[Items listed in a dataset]
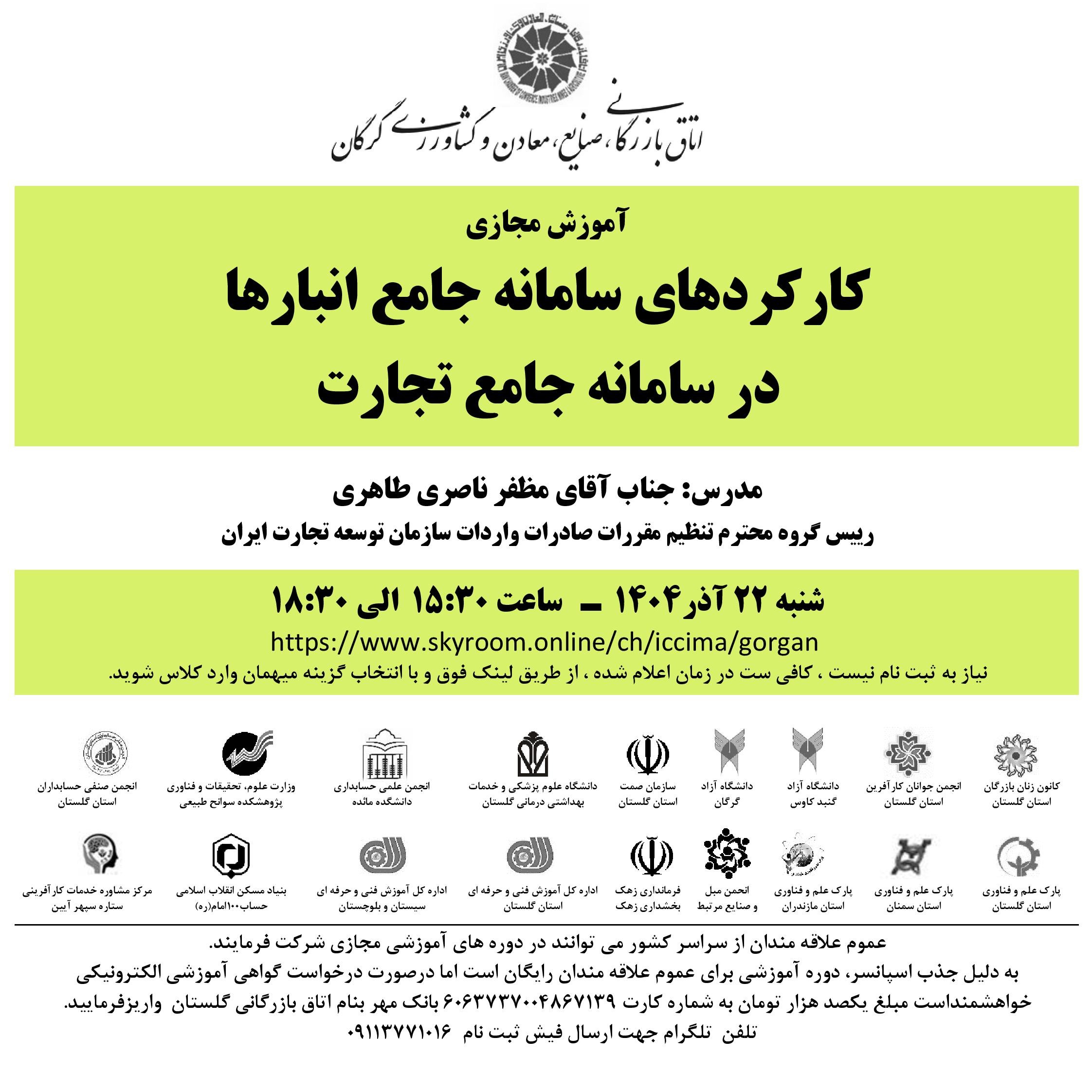 آموزش مجازی کارکردهای سامانه جامع انبارها در سامانه جامع تجارت با تدریس دکتر مظفر ناصری طاهری رییس گروه محترم تنظیم مقررات صادرات واردات سازمان توسعه تجارت ایران و با حضور ۲۵۵ نفر در ۲۲ آذر۱۴۰۴ در اتاق گرگان برگزار گردید. @emcgolestan #green_training #زندگی_بر_مدار_یادگیری #رشد_بر_مدار_شرافتDQ #آموزش_سبز
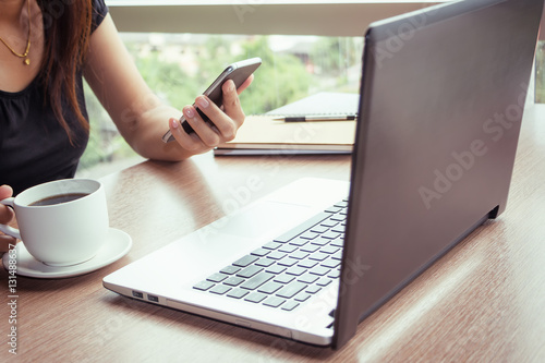 Close Up of woman hands using mobile phone and laptop computer with blank copy space screen for your advertising text message or content business in the Vintage effect.
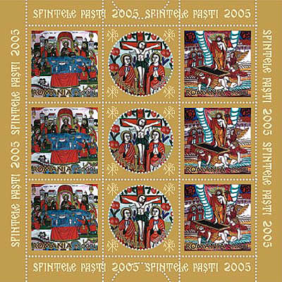 Romfilatelia, societate specializată în emiterea și comercializarea mărcilor poștale în România, lansează cu ocazia Sărbătorilor Pascale, emisiunea filatelică intitulată Sfintele Paști. Sfintele Paști sau Învierea Domnului este cea mai importantă Sărbătoare religioasă a anului, de ea legându-se alte Sărbători cum ar fi Floriile sau Înălțarea. Săptămâna de dinaintea Învierii Domnului este un prilej de meditație
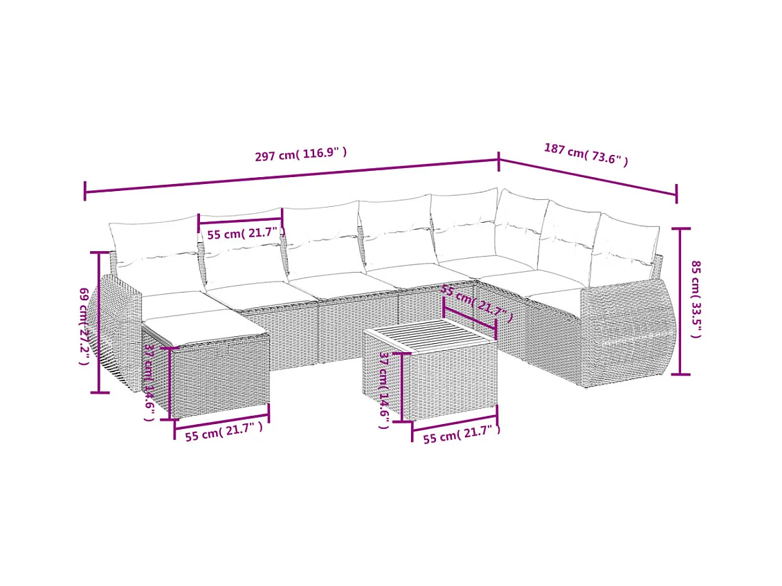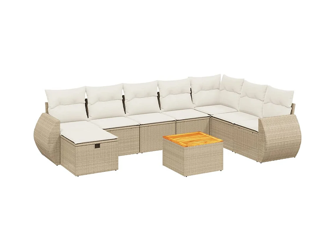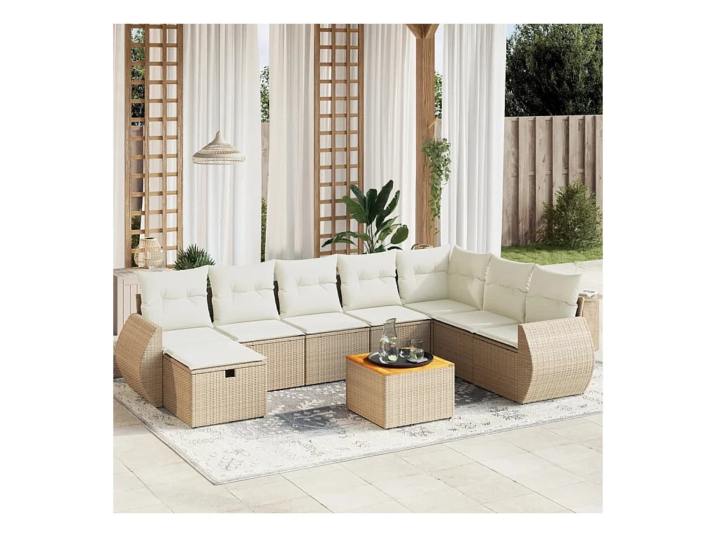 Set de sofás de jardín 9 piezas con cojines ratán sintético beige
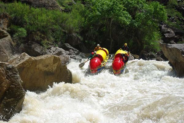 Когда в прошлом году мне предложили пойти на Майнак, я согласился не раздумывая. Уж очень хотелось проверить свои оценки и испытать ту энергетику необузданной реки с так и не покоренными порогами. Для раскатки в этот раз была выбрана классическая шестерка р.Чилик. На мой взгляд, почти идеальный вариант для отработки слаженности экипажей и тактики прохождения. Река имеет очень большой уклон и в условиях большой воды, заставила «впахивать» с первых же метров сплава. Неожиданностью для меня было отсутствие «теней» даже за большими камнями. Разница струй была, а вот «теней» и противотоков как таковых нет.
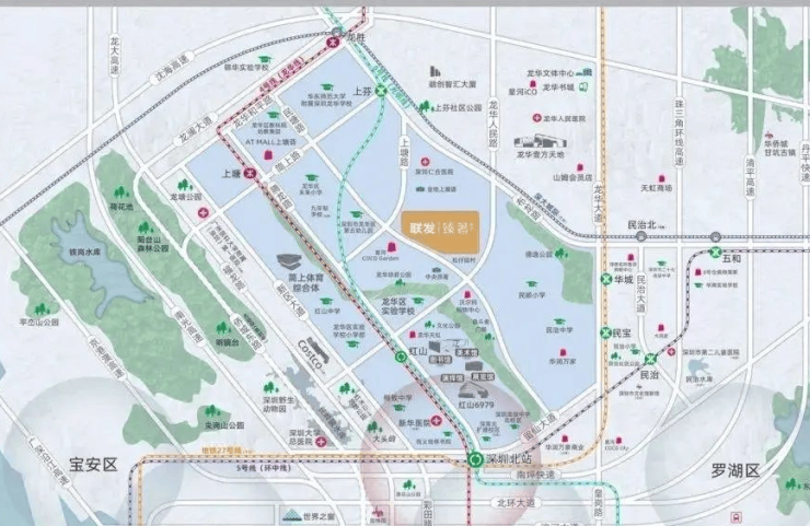 联发·臻著雅居占位的红山-上塘,是龙华核心资源最为集中板块之一,被誉为龙华的CLD,作为城市中轴中心片区,红山-上塘与福田、罗湖中心及西丽大学城、留仙洞总部基地等核心地带相邻。 这在人流、资金流等方面得以持续承接外溢需求,片区资源虹吸效应突出,是满足高品质商住的承载区。 同时,片区南面与深圳北站商务区接壤,相当于龙华的中央商务区;东北面为龙华传统中心,规划发展为龙华超级商圈。

AIM OF THE EXERCISE:
Return exactly the lines that begin with the one containing "Close Up of" and end with the final line of the data above; include no pictures.

ANSWER BOX:
 Close Up of woman hands using mobile phone and laptop computer with blank copy space screen for your advertising text message or content business in the Vintage effect.
 Romfilatelia, societate specializată în emiterea și comercializarea mărcilor poștale în România, lansează cu ocazia Sărbătorilor Pascale, emisiunea filatelică intitulată Sfintele Paști. Sfintele Paști sau Învierea Domnului este cea mai importantă Sărbătoare religioasă a anului, de ea legându-se alte Sărbători cum ar fi Floriile sau Înălțarea. Săptămâna de dinaintea Învierii Domnului este un prilej de meditație
 Set de sofás de jardín 9 piezas con cojines ratán sintético beige
 Когда в прошлом году мне предложили пойти на Майнак, я согласился не раздумывая. Уж очень хотелось проверить свои оценки и испытать ту энергетику необузданной реки с так и не покоренными порогами. Для раскатки в этот раз была выбрана классическая шестерка р.Чилик. На мой взгляд, почти идеальный вариант для отработки слаженности экипажей и тактики прохождения. Река имеет очень большой уклон и в условиях большой воды, заставила «впахивать» с первых же метров сплава. Неожиданностью для меня было отсутствие «теней» даже за большими камнями. Разница струй была, а вот «теней» и противотоков как таковых нет.
 联发·臻著雅居占位的红山-上塘,是龙华核心资源最为集中板块之一,被誉为龙华的CLD,作为城市中轴中心片区,红山-上塘与福田、罗湖中心及西丽大学城、留仙洞总部基地等核心地带相邻。 这在人流、资金流等方面得以持续承接外溢需求,片区资源虹吸效应突出,是满足高品质商住的承载区。 同时,片区南面与深圳北站商务区接壤,相当于龙华的中央商务区;东北面为龙华传统中心,规划发展为龙华超级商圈。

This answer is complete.